## WHAT YOU HAVE TO DO
Only the lines of the listing below that run from the line with "8) On the last" through the line with "用電錘在鋁襯板的一端位置緊靠" are to be set down, word for word. Pictures stay out.

## GIVEN ENTRIES
= Beginning of Section =
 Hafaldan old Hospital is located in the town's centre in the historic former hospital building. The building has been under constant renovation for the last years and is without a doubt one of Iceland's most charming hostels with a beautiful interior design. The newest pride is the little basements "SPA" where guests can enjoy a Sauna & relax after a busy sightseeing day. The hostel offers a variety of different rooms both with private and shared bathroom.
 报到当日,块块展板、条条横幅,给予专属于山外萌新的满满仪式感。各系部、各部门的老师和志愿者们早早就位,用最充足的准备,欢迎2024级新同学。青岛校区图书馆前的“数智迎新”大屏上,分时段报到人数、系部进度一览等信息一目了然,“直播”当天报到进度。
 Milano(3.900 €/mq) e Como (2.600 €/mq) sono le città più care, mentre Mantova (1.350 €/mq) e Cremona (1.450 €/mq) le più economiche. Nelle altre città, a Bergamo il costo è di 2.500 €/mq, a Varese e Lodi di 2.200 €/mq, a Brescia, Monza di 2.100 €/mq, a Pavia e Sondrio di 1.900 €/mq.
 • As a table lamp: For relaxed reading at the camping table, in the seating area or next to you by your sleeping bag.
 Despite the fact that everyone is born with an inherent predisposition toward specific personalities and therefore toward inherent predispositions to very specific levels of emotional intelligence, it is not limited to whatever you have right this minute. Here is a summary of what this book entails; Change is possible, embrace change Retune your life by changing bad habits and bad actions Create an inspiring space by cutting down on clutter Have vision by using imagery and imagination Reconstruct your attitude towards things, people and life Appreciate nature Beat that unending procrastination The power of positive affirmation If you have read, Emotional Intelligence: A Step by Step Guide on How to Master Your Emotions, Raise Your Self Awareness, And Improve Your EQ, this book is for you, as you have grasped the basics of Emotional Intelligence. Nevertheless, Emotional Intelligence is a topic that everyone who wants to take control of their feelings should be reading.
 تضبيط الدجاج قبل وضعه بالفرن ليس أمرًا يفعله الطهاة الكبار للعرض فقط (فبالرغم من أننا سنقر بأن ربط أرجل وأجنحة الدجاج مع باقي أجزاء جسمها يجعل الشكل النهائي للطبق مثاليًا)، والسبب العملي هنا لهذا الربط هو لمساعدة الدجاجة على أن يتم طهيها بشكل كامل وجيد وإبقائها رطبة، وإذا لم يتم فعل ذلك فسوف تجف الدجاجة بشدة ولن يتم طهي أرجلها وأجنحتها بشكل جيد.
= End of Section =
= Beginning of Section =
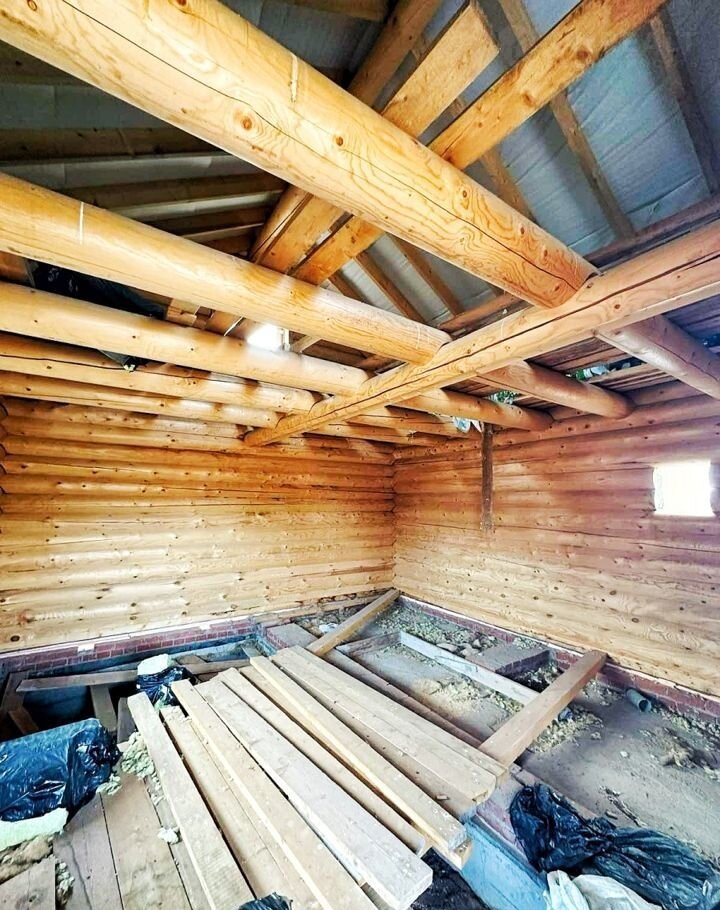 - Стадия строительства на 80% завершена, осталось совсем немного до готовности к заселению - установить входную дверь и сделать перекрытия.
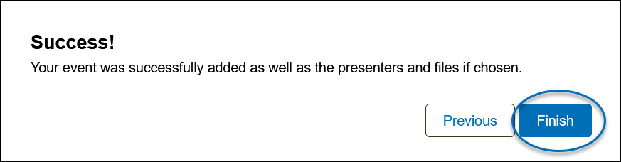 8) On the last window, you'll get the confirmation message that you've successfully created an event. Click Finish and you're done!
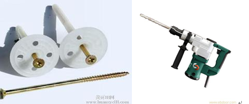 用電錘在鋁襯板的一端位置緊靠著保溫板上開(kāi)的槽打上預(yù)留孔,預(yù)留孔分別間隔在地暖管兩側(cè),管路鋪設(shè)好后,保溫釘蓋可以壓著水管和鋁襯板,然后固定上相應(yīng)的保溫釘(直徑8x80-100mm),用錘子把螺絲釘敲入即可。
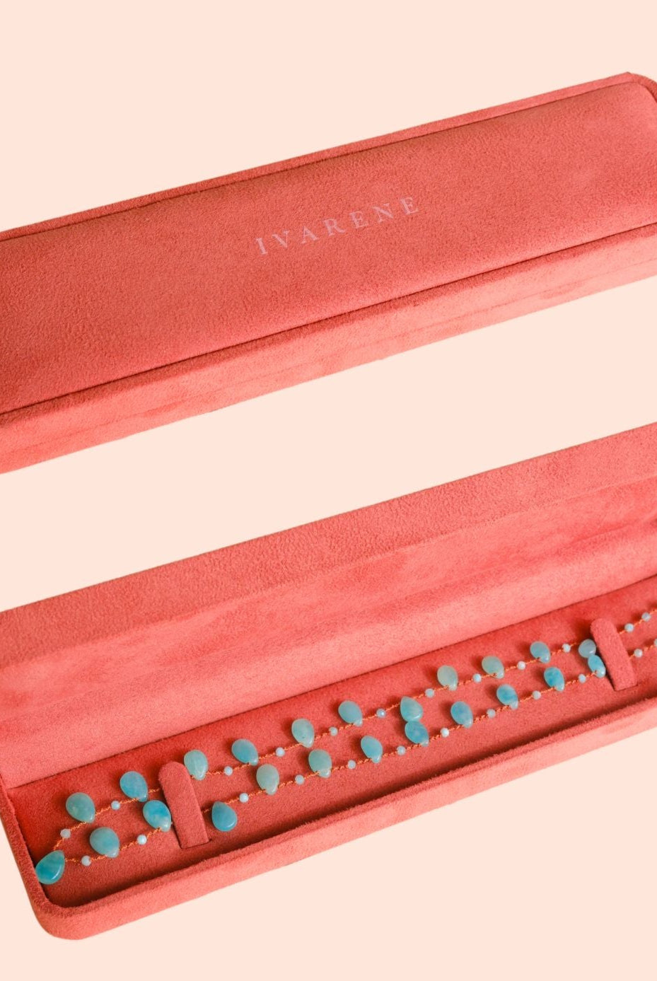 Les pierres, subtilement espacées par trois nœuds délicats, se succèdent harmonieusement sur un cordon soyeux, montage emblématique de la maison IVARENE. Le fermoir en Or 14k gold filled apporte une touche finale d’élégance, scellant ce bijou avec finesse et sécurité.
= End of Section =
## YOUR SOLUTION
 8) On the last window, you'll get the confirmation message that you've successfully created an event. Click Finish and you're done!
 用電錘在鋁襯板的一端位置緊靠著保溫板上開(kāi)的槽打上預(yù)留孔,預(yù)留孔分別間隔在地暖管兩側(cè),管路鋪設(shè)好后,保溫釘蓋可以壓著水管和鋁襯板,然后固定上相應(yīng)的保溫釘(直徑8x80-100mm),用錘子把螺絲釘敲入即可。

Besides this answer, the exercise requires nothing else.